Even Francis’ return flight to Rome became newsworthy when, according to The Associated Press, he told reporters that he would meet with sex abuse victims at the Vatican sometime next month. And Reuters reported that the pontiff said he believed that priests should be celibate but that the rule was not an unchangeable dogma.

Patriarch Fouad Twal, the Catholic leader of Jerusalem, told reporters more than a month before the pope’s arrival, “You need to look at the gestures, not just at the words.” But Francis was also strategic in his language.

In Bethlehem, he singled out the plight of prisoners, a touchstone for Palestinians who consider even those who killed Israelis as heroic freedom fighters. In Israel, he was careful to say specifically that six million Jews had been killed and to use the Hebrew term for the Holocaust, Shoah — things that his predecessor, Benedict, had been criticized for not doing during his 2009 pilgrimage.

(There was, however, some Israeli griping that Francis did not say those things at Yad Vashem — his spokesman said that was because he thought a “meditation” was more appropriate for the memorial — and did not use the word “Nazi.”)

The pope also laid the groundwork during his visit for another enduring image intended to change perceptions of the conflict, inviting Presidents Shimon Peres of Israel and Mahmoud Abbas of the Palestinian Authority to his apartment in the Vatican to pray together for peace.

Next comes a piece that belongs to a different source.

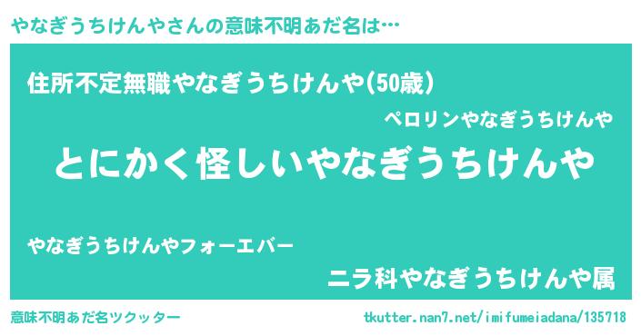 | 男性向けラノベタイトル風あだ名 | 『ダンジョンにやなぎうちけんやを求めるのは間違っているだろうか』 |
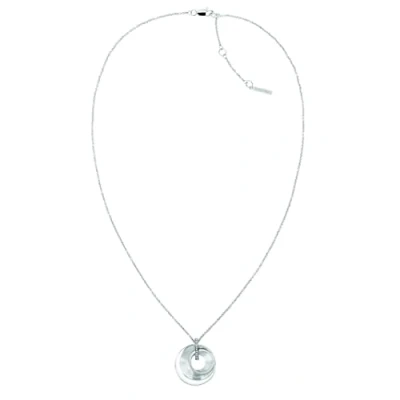 Crystal-set elegance. Distinctive necklace featuring interlocked rings - one featuring crystal settings for a stylish look. Material: Stainless steel Necklace Length: 51cm plus Extender: 5cm Embellished with Etched Calvin Klein logo on the disc Closure: Lobster Claw Clasp

Both accepted: The meeting is expected within the next two weeks, though the pope’s spokesman said a date had not yet been set.

Asked why Francis had chosen Mr. Peres — who leaves his largely ceremonial post in July — rather than Mr. Netanyahu, who is Mr. Abbas’s counterpart in peace negotiations, the spokesman, the Rev. Federico Lombardi, said the pope and the Israeli president shared a warm relationship of “great esteem.”

“This is not an exclusion of the other,” Father Lombardi said Sunday. “The pope has with President Peres a good feeling. This is clear.”

At Mr. Peres’s official residence, Francis wrote in the guest book, “It is always the grace of God to come in the house of a man who is wise and good.” Then the two leaders had what Father Lombardi described as a “very, very lengthy” one-on-one.

“The president said many things about the peace process, the problem of building peace, the collaboration of the religious leaders and the pope in building peace,” he said. “It was said in a very sincere, very friendly and profound way.”

From there Francis received Mr. Netanyahu at the Vatican-owned Notre Dame center.

All Father Lombardi had to say about that was: “It was a friendly meeting also.”

Correction: May 26, 2014

An earlier version of a picture caption with this article misidentified Pope Francis’s location. He was praying after laying a wreath at the Yad Vashem Holocaust Memorial, not the grave of Theodor Herzl.